Artikel 3 Openbaar toegankelijk feest (APV)

Met activiteiten die gebruikelijk zijn in een inrichting in de zin van de Drank- en Horecawet, zoals bedoeld in artikel 2.24, eerste lid, onder g, van de APV, wordt in ieder geval niet bedoeld het houden van openbaar toegankelijke feesten in strandpaviljoens.

Artikel 6 Maximum aantal openbaar toegankelijke feesten

1. Het aantal individuele openbaar toegankelijke feesten per strandpaviljoen bedraagt maximaal 10 per jaar.

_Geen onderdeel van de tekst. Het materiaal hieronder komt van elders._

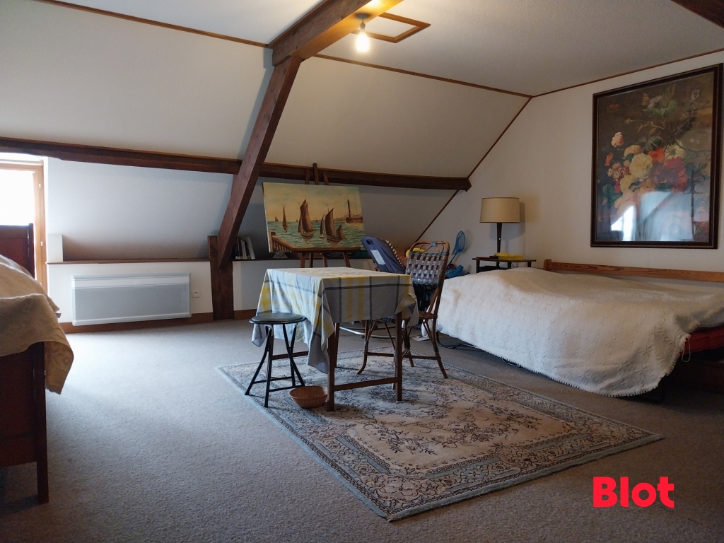 À l'étage, deux chambres et une salle d'eau avec WC. Une troisième chambre est aménagée sous combles.
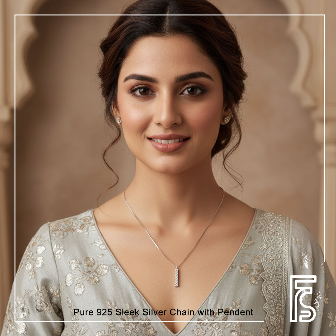 Crafted in hallmarked 925 sterling silver, this elegant chain features a delicately designed pendant that adds a subtle sparkle to your look. Lightweight, minimal, and timeless, it is perfect for everyday wear as well as special occasions. A versatile piece that complements both ethnic and modern outfits effortlessly.

2. Het aantal collectieve openbaar toegankelijke feesten op het strand bedraagt maximaal 6 per jaar of het aantal dat overeenkomstig artikel 4.2, eerste lid APV door het bevoegd gezag is aangewezen.

Toelichting

[…]

De afgelopen jaren blijkt dat (de uitbreiding van) het aantal grote openbare feesten op het strand niet meer overeenkomstig de recreatieve functie van het strand is, zoals het is bedoeld. Daarnaast is de toename van het aantal grote openbare feesten op gespannen voet komen te staan met de leefbaarheid op en in de omgeving van het Bloemendaalse strand. Deze feesten vinden bijna ieder weekend plaats in het zomerseizoen vanaf 17:00 uur. De niet-uitgaansbezoekers blijven weg van het strand op de dagen dat er grote feesten worden gehouden, of gaan gedwongen eerder weg vanwege de geluidsoverlast. Dit is ongewenst, aangezien het strand voor iedere bezoeker aantrekkelijk moet zijn en blijven. Daarnaast lopen de strandpaviljoens die geen openbare feesten geven op deze dagen klandizie mis. De toename van de feesten heeft een onevenredig hoge inzet van hulpdiensten tot gevolg om de openbare orde en veiligheid en verkeersveiligheid tijdens deze feesten te kunnen waarborgen. Dit gaat ten koste van de inzet die nodig is in de rest van de gemeente.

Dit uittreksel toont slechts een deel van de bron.